When it rains and pours

The power has been down for the past ten hours. The inverter has run out of juice. The internet is down. No wi-fi. My laptop is running on 43% charge. I am trying to get some writing done. But it is just too gloomy. It has been gloomy for the past two days.

It is raining. A lot.

Cyclone Tauktae is passing by. My family and I are lucky to be safe and cozy inside our homes. The areca and coconut trees sway from one end to another, as if pleading for mercy from the torrential rain.

Streets and farms are littered with green fronds of coconut trees. Hardy and robust fronds that take two people to lift, have been peeled from seven-stories high and flicked to the ground like twigs by gusty winds that make their way through the Arabian Sea coastline.

Three generations—my nephew, me and my dad—witness this through our windows, behind the safety of a metal grill, quietly submitting to this fury.

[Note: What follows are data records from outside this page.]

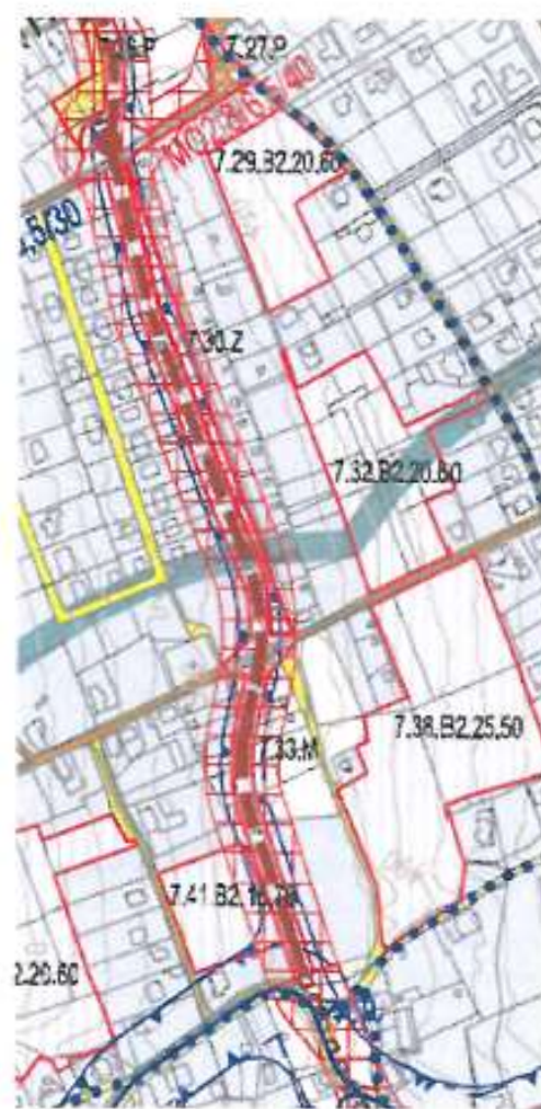
Návrh územního plánu (2013) – Výkres dopravní infrastruktury

Výhody mnou navrhované trasy sběrné obvodové komunikace v lokalitě Horní Hanychov v lokalitě Spáleníště až ulice Sáňkařská – dle konceptu ÚP z roku 07/2010: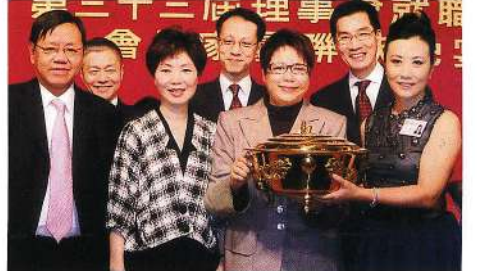
澳門黃姑娘投得聚寶盆。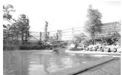
天然温泉露天風呂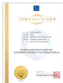
나이스 TCB 기술평가우수기업 인증서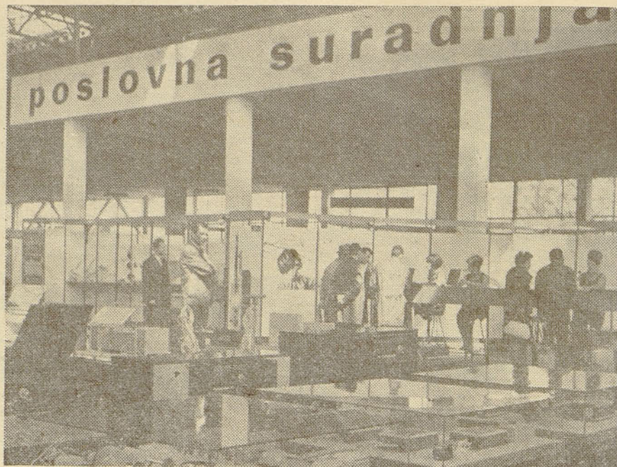
K članku na 1. strani: pogled na del razstavnega prostora v paviljonu 6, kjer so razstavljala na letošnjem zagrebškem velesejmu že osmič ISKRA, RIZ in »Rudi Čajavec« v okviru poslovne sodelovanja

Pismene ponudbe, z ustreznimi dokazili o izobrazbi in sposobnostih naj interesenti pošljejo ali oddajo v organizacijsko-kadrovskem oddelku Zavoda za avtomatizacijo do 15. maja 1967.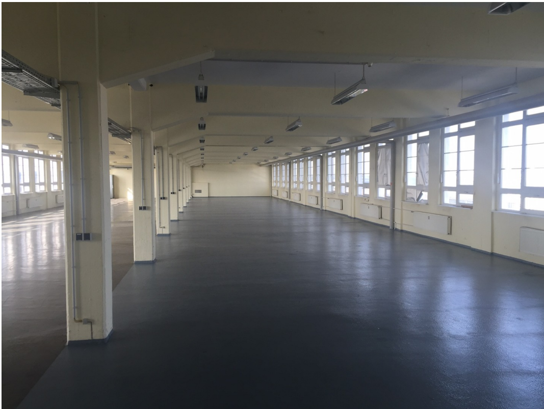
Lager u. Produktion 4.OG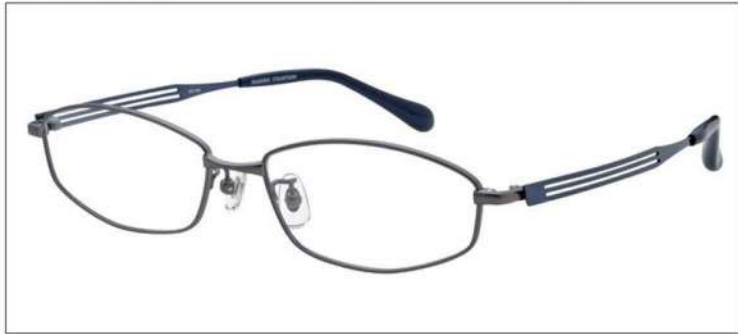
No.1 F:ライトグレーマット T:ホリゾンブルー

SC 109 材質:F:チタン T:βチタン 55□16-145 ↓29.0 00170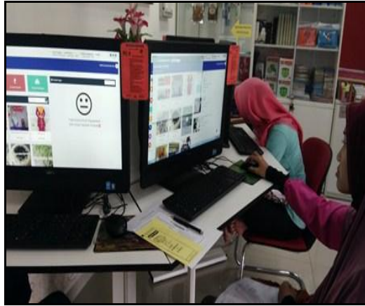
Gambar 1- Petugas sedang memberi penerangan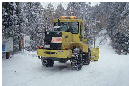
積雪時の雪氷対策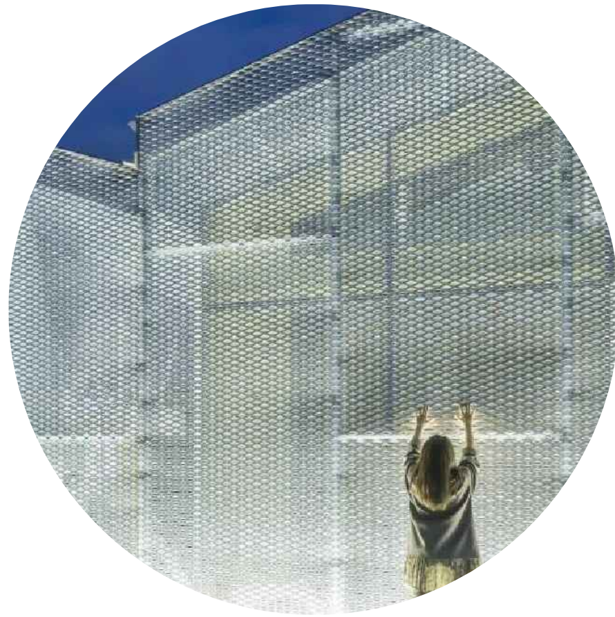
PODHLIED Z POZINKOVANÉHO TAHOKOVU, PROSVĚTLENÝ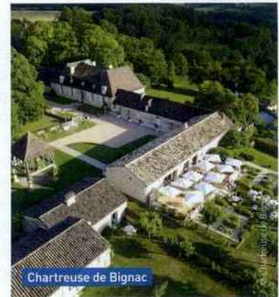
Chartreuse de Bignac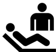
Bij lichamelijke verzorging van de cliënt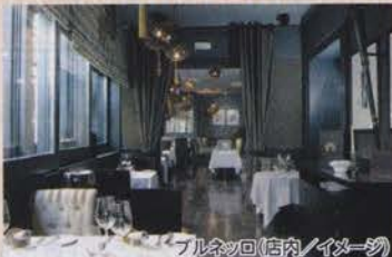
ブルネッロ(店内/イメージ)

5日目の夕食はルックJT8おすすめのGGレストラン(P.10・96参照)でお楽しみください。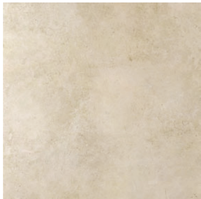
CRF 03 60x60, 59,7x59,7 cm natura R10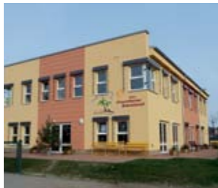
die Finowfurter Hortkinder haben ein neues Domizil, August 2010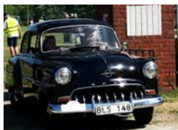
Opel Olympia Rekord 1953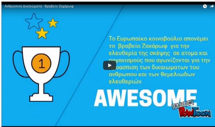
Εικόνα 4 – Από την παρουσίαση για το Βραβείο Ζαχάρωφ

Το Ευρωπαϊκό Κοινοβούλιο στηρίζει τα ανθρώπινα δικαιώματα μέσω της ετήσιας απονομής του θεσπισθέντος το 1988 βραβείου Ζαχάρωφ για την ελευθερία της σκέψης. Το βραβείο απονέμεται σε πρόσωπα με εξέχουσα συμβολή στον ανά τον κόσμο αγώνα για τα ανθρώπινα δικαιώματα, εφιστώντας την προσοχή όλων στις παραβιάσεις των ανθρωπίνων δικαιωμάτων καθώς και στηρίζοντας τους βραβευθέντες και τον σκοπό τους.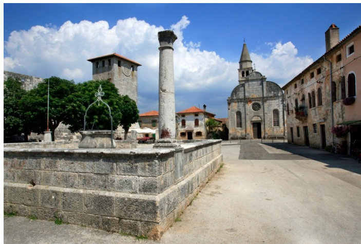
Slika 4. Gradski trg ( https://www.istria-culture.com/trg-i-zupna-crkva-u-svetvincentu-i90 [7. rujna 2021.]).

polukružnom obliku koje su simetrično postavljene. Istočno postavljena župna crkva datira s kraja 15. stoljeća, a dovršena je vjerojatno 1529. Pročelje crkve koje gleda na trg je pojednostavljeno, ali ima trolisni završetak kakav je također moguće pronaći u Veneciji; također pročelje sadrži i grb obitelji Morosini. Gradska loža koja datira iz 18. stoljeća nalazi se na južnoj strani trga, ima otvoreni trijem i šest arkada koje krase elegantni lukovi (slika 5). Loža ima jedan ulaz koji se otvara prema ulici, on ne gleda prema trgu, dok drugi ulaz vodi na gradski trg ( http://tz-svetvincenat.hr/placa/ [3. srpnja 2021.]).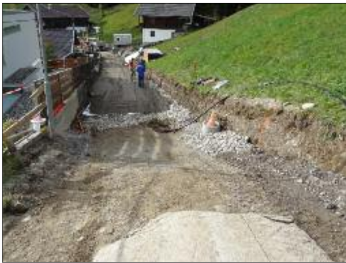
Sanierung der Straße Tessenberg-Oberberg - 1. Abschnitt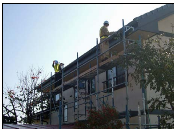
住宅除染実施状況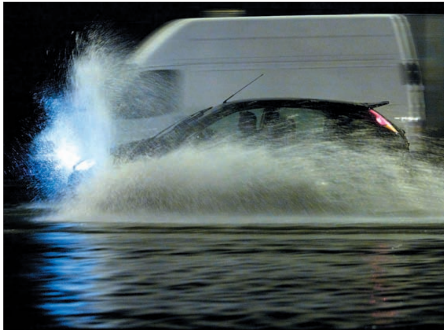
Un coche trata de avanzar en una calle de la capital valenciana completamente inundada

Los servicios de emergencia de la Comunitat realizaron cientos de salidas • Más de sesenta personas tuvieron que ser evacuadas • La zona costera sintió el terremoto de grado 3,2 registrado en el Golfo Pág. 4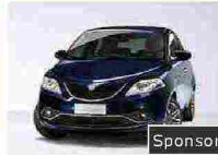
Puoi rottamare ogni veicolo targato e hai 2000€ di incentivo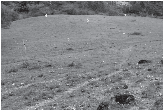
Foto 3. Evidencias de distribución de 5 aterrazamientos destinados a lugares de vivienda. Los Teres. Conforman un núcleo pequeños de asentamiento.

Las sociedades aborígenes que habitaron la región del Gran Santander y, que alcanzaron el nivel de desarrollo social de los cacicazgos, desarrollaron una arquitectura anclada sobre dos pilares fundamentales: los ámbitos doméstico y mítico-ritual las cuales incorporan un mundo conceptual que responde a un paisaje natural, respondiendo a la vida cotidiana (doméstico-casa residencial) y a la vida mágica-ritual, cuya cosmovisión facilita la conexión entre la vida y la muerte, que se puede observar a lo largo de la sociología religiosa 26 .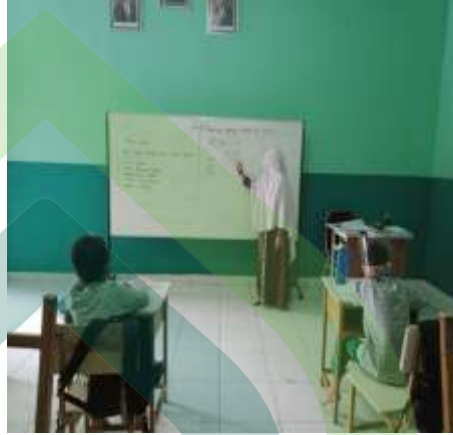
Guru menjelaskan materi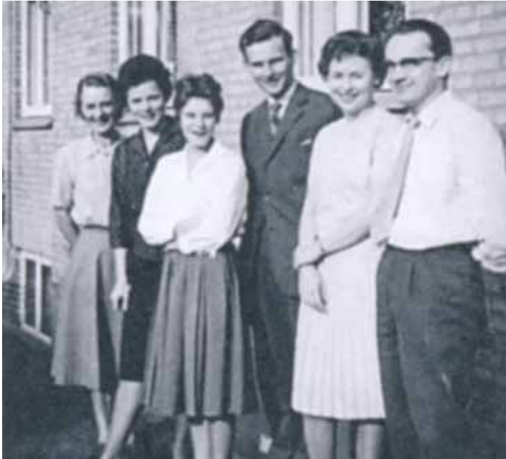
Personal hos NTI – administrationen og fabrikationen.

gen til, at man flyttede til næsten helt nye lokaler i Vangede på adressen Bomporten nr. 1.

It’s like the scary sequence in a movie when a cyclone surrounds your house minus the movie part. There is no editor to only keep the interesting parts. We have to sit through this, let it pass. Nothing bad is going to happen. We’ve witnessed this before. Anything could happen.

The only creatures that are going to have a good time even in a cyclone, it is decided, are mosquitoes.

Mother nature plays the tune. You dance... and you try to do it gracefully.